Open Access
Numéro
CMLF 2008
2008
Numéro d'article 098
Nombre de pages 11
Section Histoire, épistémologie, réflexivité
DOI https://doi.org/10.1051/cmlf08194
Publié en ligne 9 juillet 2008
Congrès Mondial de Linguistique Française, Paris, France, 2008
DOI: 10.1051/cmlf08194

Etude macroscopique du champ linguistique en France dans l’après-guerre

T. Poibeau

thierry.poibeau@lipn.univ-paris13.fr

Publié en ligne le 9 juillet 2008

Résumé
L’étude de l’histoire et de l’évolution des idées en linguistique s’est considérablement développée ces dernières années.
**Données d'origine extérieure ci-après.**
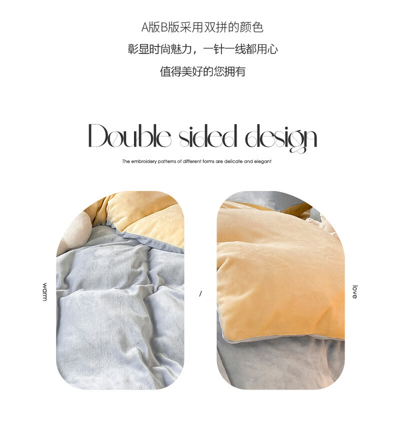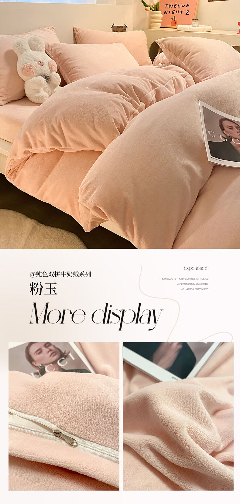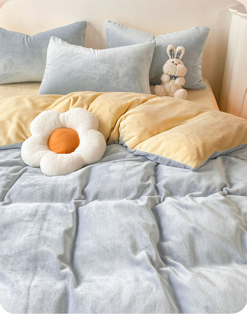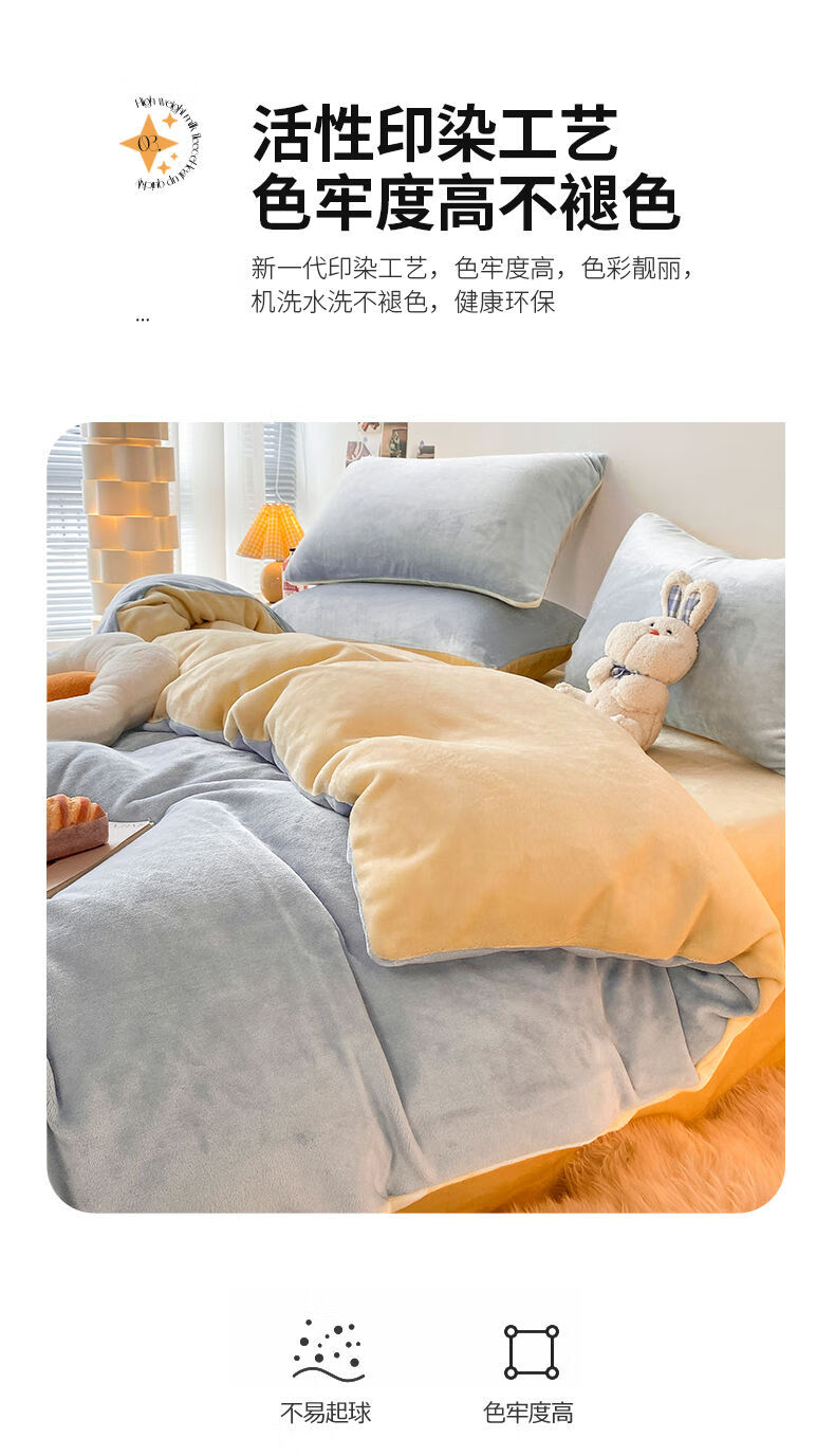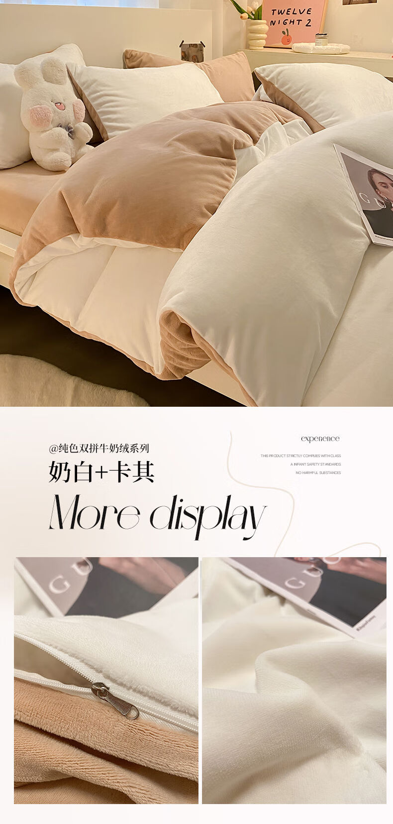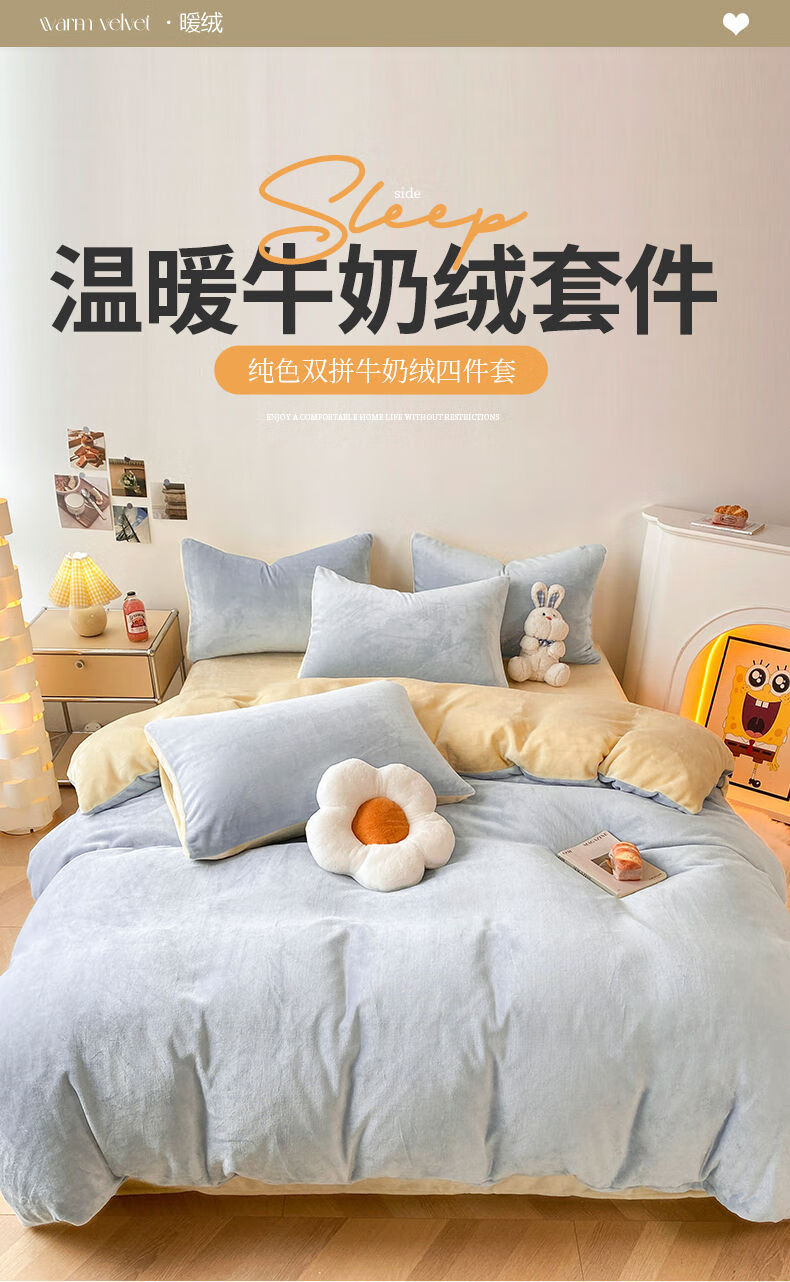 Blanket quilt winter four-piece milk velvet bed thickened coral velvet double-sided plus velvet flannel three-piece bed set baby blue + light gray double-sided warm velvet skin-friendly and delicate bed cover 220x240cm milk velvet quilt cover single piece
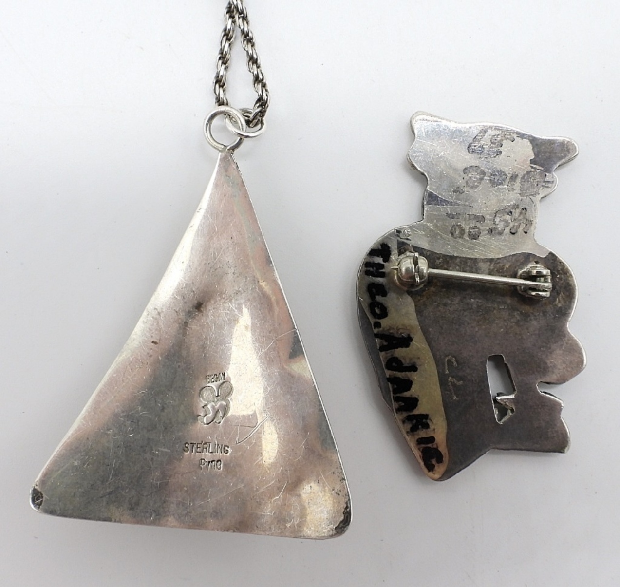 Zuni sterling owl brooch, 1 3/4″ long. Sterling gemstone pendant, 2″ long with unidentified gemstone. Marked “Begay Pyne Sterling” with a stamped logo that looks like mickey mouse. 24″ chain. (14.6 dwt)
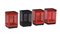 Lotto composto da quattro cestini in metallo traforato rosso e nero e plastica. Produzione Neolt, Italia, anni duemila. Marcato sotto la base. (cm 23,5x34x24) (difetti)

La recherche porte le plus souvent sur des périodes précises du passé sur lesquelles on a un certain recul, afin d’en faire ressortir les orientations et les lignes de force. Il est beaucoup plus risqué d’analyser la période contemporaine. Pourtant, on ne peut qu’être frappé par les hauts et les bas d’un domaine, la linguistique, quelque peu délaissée après la guerre, si forte dans les années 1960, et à nouveau en plein questionnement aujourd’hui, pour autant que l’on puisse en juger. Ce sont ces mouvements de flux et de reflux que l’article essaie de cerner, à un niveau macroscopique. Notre point de départ sera l’étude de Jean-Claude Chevalier et Pierre Encrevé, Combats pour la linguistique (2006). Dans ce livre, les auteurs décrivent l’évolution de la linguistique en France après la guerre (et plus particulièrement la création des revues de linguistique entre 1958 et 1968). Les auteurs, pour mener à bien leur enquête fondée sur des interviews des principaux acteurs du domaine, étendent leur champ d’investigation jusqu’au début du 20e siècle. L’étude de Chevalier et Encrevé se situe clairement dans une perspective sociologique, « à la Bourdieu ». Il s’agit, à travers les interviews, d’étudier le « champ » linguistique, les positions de « pouvoir » et de luttes entre individus et entre théories. Cette dimension est évidemment présente, et le livre des deux auteurs laissent bien apparaître ces oppositions entre classiques et modernes, anciennes théories et nouveauté des années 1960, etc. Mais, au-delà de cette vision du champ linguistique, il ne semble pas inutile de revenir sur ces prémisses, y compris pour en examiner les conséquences sur une période plus récente. Quelles sont les oppositions à l’œuvre ? Y a-t-il réellement une opposition fondamentale entre philologie et linguistique ? Y a-t-il une spécificité française dans le renouveau linguistique de l’après-guerre ? Quel est le poids des études classiques et des études portant sur des langues modernes ? Dans quelle mesure peut-on parler de « structuralisme à la française » ? Quelle a été la portée (scientifique, épistémologique, voire philosophique, à l’intérieur et à l’extérieur des frontières) de ce structuralisme dans l’après-guerre ? Ce sont quelques unes des questions auxquelles ce bref article essaie de répondre.